At mile fifteen it started to downpour. It felt awesome!! But I noticed that I really started to slow down. I would push myself, feel like I was flying and check my Garmin only to see a ten minute pace.
At seventeen my capris rode and I bent over to grab the ankles and pull them down. I got told I have a heart-shaped booty. Twice.
At nineteen the sun came out and dried up all the rain sweat on my skin. For the first time in my life I really chaffed. I don’t mean the little bit I get from my bra. I mean I ripped my armpits open. I felt like I was flying and looked down to see 13 minute pace.
At mile twenty I was not happy and my blisters were really starting to affect me.

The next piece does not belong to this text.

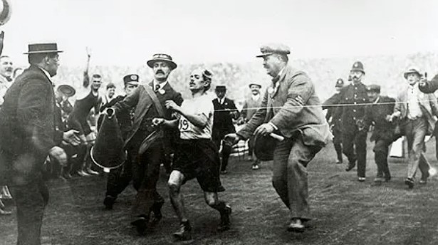 75 athletes had entered and 55 runners set off on the day, representing 16 nations, with a hot day resulting in only 27 making it to the finish. The first runner into the stadium was the Italian Dorando Pietri. Over the next dramatic minutes it became clear he was suffering from serious exhaustion. He turned the wrong way inside the stadium, was re-directed around the track, but stumbled and fell, only to be picked up by officials, who understandably hoped he could finish the race. He collapsed across the finish line. Although Pietri was declared the winner, American protests ensued and, after debate amongst the umpires, the decision was reversed and Pietri disqualified for having assistance. The American runner Johnny Hayes was confirmed as the winner, achieving a new Olympic Record of 2 hours, 55 minutes, 18.4 seconds.
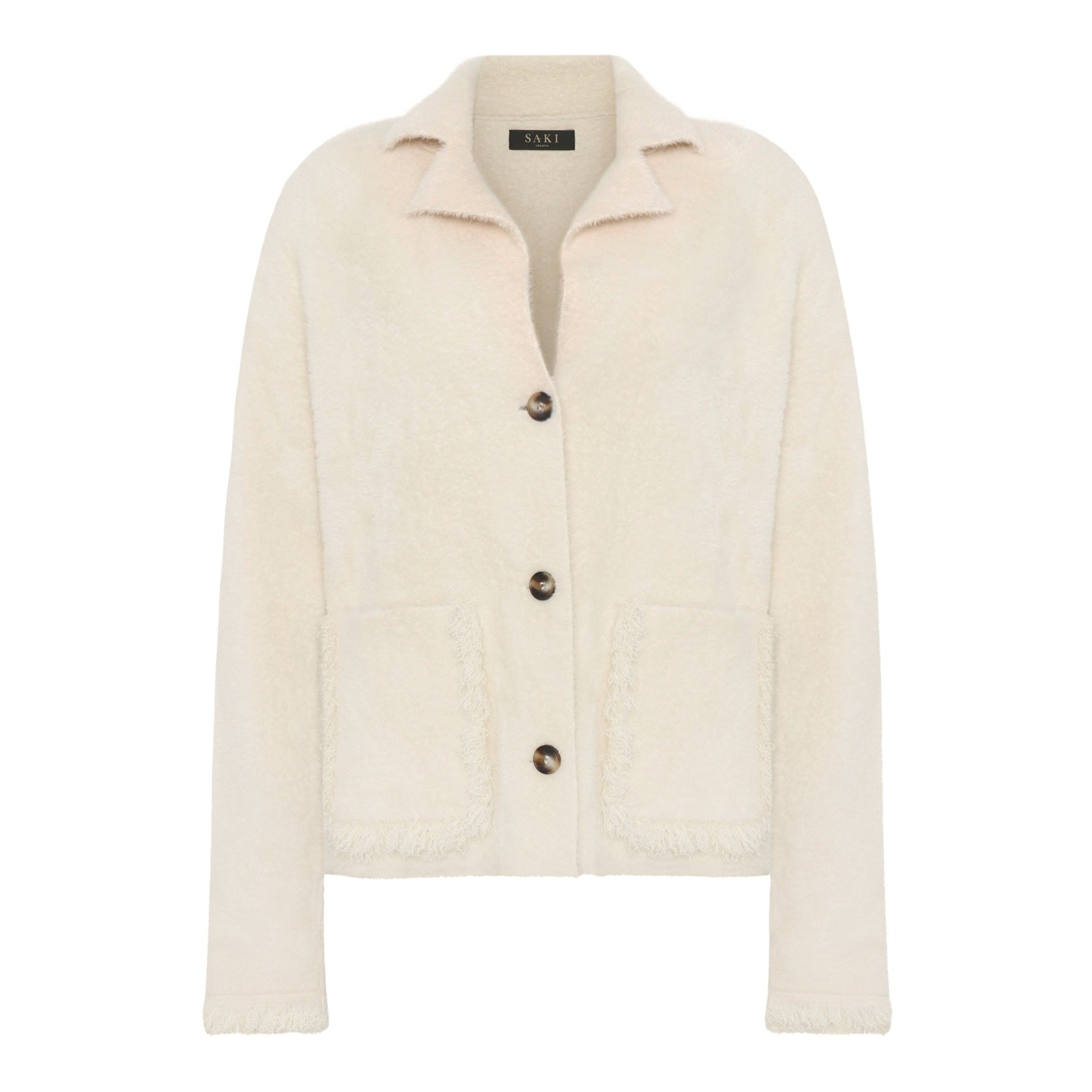 Lillian Blazer är en kort, mjuk och tidlöst elegant blazer som lyfter varje outfit med en sofistikerad och modern känsla. Den fluffiga, lyxiga kvaliteten ger ett exklusivt uttryck samtidigt som den är behaglig att bära hela dagen. Modellen har en rak silhuett, klassisk krage och knappar som förstärker den stilrena designen. Vid ärmsluten och längs fickornas kanter finns korta, tunna fransar som ger en subtil och elegant detalj.

At times I was at a 16 minute pace.
At twenty-one all I could think was I couldn’t wait to do this again. Then I dropped my last shot block. I ate it. Rocks and all. Judge me.
At twenty-two there was the temptation station. A big sign that said, “Anybody can run a marathon sober. Just screw it!” followed by the Nike check. What did they have? Shots of tequila. I would have died right there on the pavement if I had done a shot, but it did make me smile. I realized I needed to keep smiling and entertain myself so for two miles I sang. Outloud. To myself. And to some guy who looked like he was struggling. Best motivation song ever… New Radical, “You Get What You Give.” “We’ve got the dreamers disease,” “Don’t give up, you’ve got a reason to live,” “Four a.m. we ran a miracle mile.” That was on repeat for the entire remainder of the marathon.

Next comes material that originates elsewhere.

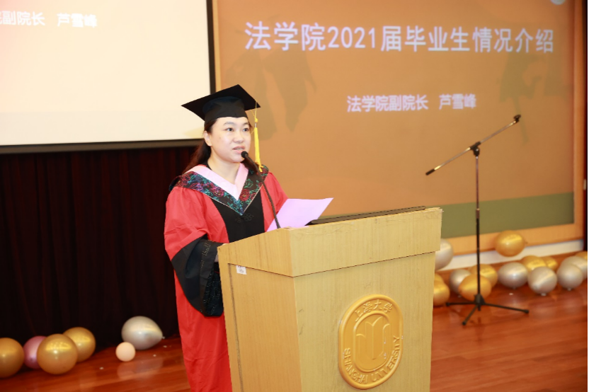 毕业典礼在雄壮的国歌声中正式进行。全场起立奏唱国歌后,澳门pg官方电子平台副院长芦雪峰副教授介绍2021届毕业生的整体情况。
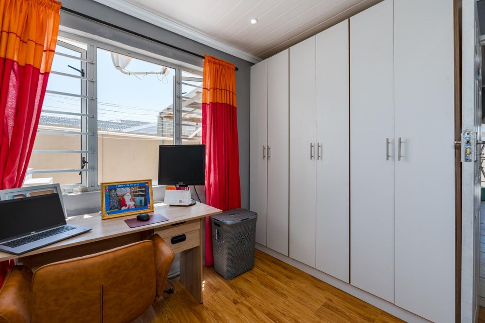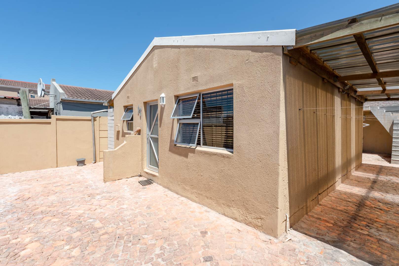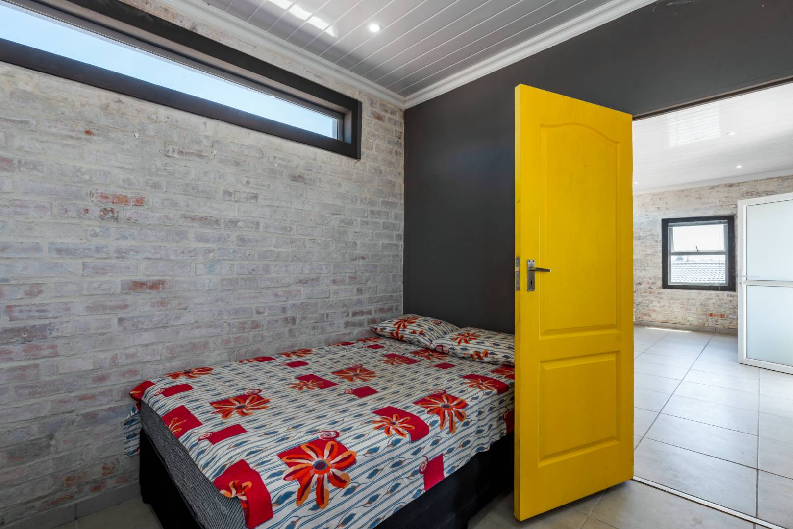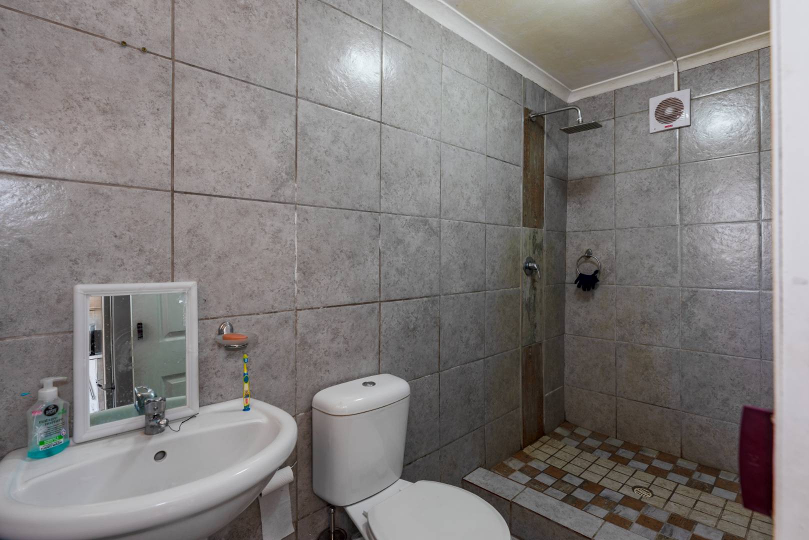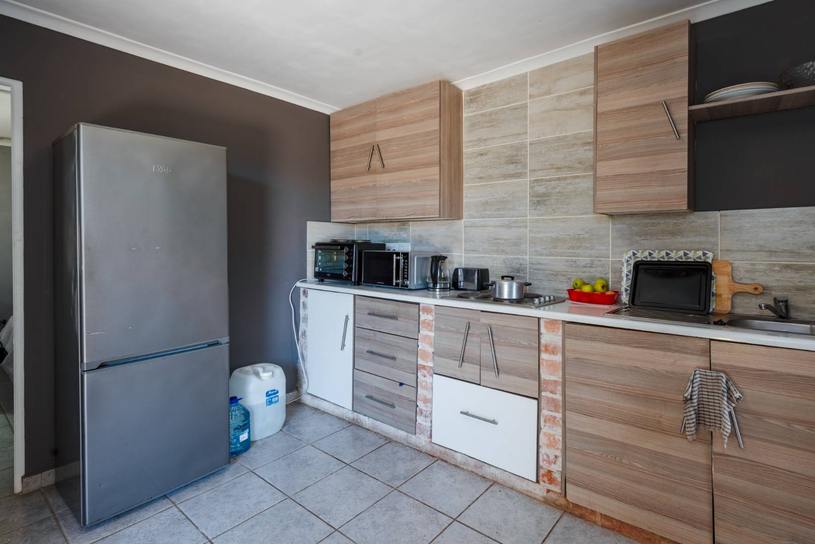 The main house features a neat open-plan kitchen and lounge area, fully tiled and offering ample built-in cupboard space for convenient storage. The home boasts three well-sized bedrooms, all fitted with built-in cupboards and laminated flooring. The main bedroom is generously sized and enhanced with a stylish feature wall. A full family bathroom completes the main house, fitted with a sunken bath, shower, toilet, and basin.

Miles 24-26. My goal was four hours. I packed four hours of shot blocks. Along with being a genius, I am also diabetic. My blood sugar got low, I got dizzy, and my other personality that is caused by low blood sugar came out. I call her Crazy Bitch. Don’t tell her though. She is scary. I was FURIOUS. Not that it took me an hour longer because of the blisters, not because I should have planned better and brought more shot blocks, not because I was in pain. No reason other than I was just pist.
26-26.2 I was ready to be done. I sped up real fast to finish the .2 which of course had cobble stones. My blisters loved it. Jamie ran that last bit with me and I stopped after we crossed the first mat. Then she told me that wasn’t the finish and there were two more twenty feet away so I sped up again.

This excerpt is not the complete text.